State-owned Coal India has not taken a final decision on continuing with International Coal Ventures Ltd (ICVL) as it has sought certain clarifications from the PSU consortium, Parliament was informed today.
“CIL (Coal India) board has not taken a final decision on its continuance in the ICVL,” Minister of State for coal Pratik Prakashbapu Patil said in a written reply in Lok Sabha.
“As the CIL board has sought certain clarifications from ICVL, which are still awaited, the time limit for taking a decision cannot be indicated at this stage,” the Minister said.
ICVL is a consortium formed to acquire coal mines overseas.
Earlier, CIL— which is among the two largest shareholders of ICVL — had said that it intends to quit the PSU consortium.
ICVL had also earlier made a presentation before the CIL board to convince the coal major to continue its association with the consortium along with other PSUs.
CIL felt that continuing with ICVL only involved financial burden without commensurate advantage.
Earlier, ICVL Chairman C S Verma had said the company was conducting due diligence of four to five properties in Australia, the US, Mozambique, Canada and Indonesia and expected to finalise one deal by the fiscal-end.
NTPC decided to opt out of the consortium as it was seeking thermal coal blocks, while other members were keen on coking coal.
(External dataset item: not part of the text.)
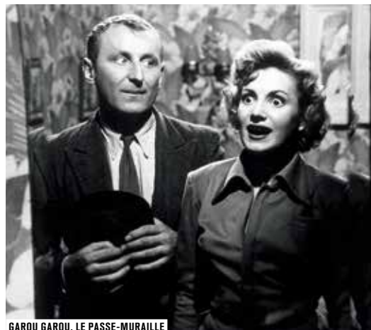
GAROU GAROU, LE PASSE-MURAILLE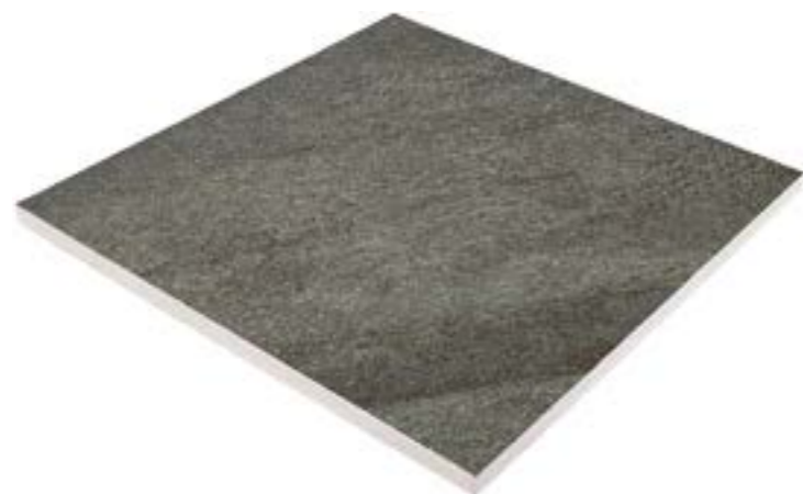
R11/B 60 x 60 cm

Verma had earlier said that no new partner would be inducted in the consortium.
Besides CIL, ICVL’s promoters include SAIL and RINL.
Since its inception in 2009, ICVL is yet to acquire any mine abroad, even though it has set a target of owning 500 million tonnes of coal reserves by 2019-2020.
International Coal Ventures Ltd is aiming to ink its first coking coal block acquisition in the current fiscal.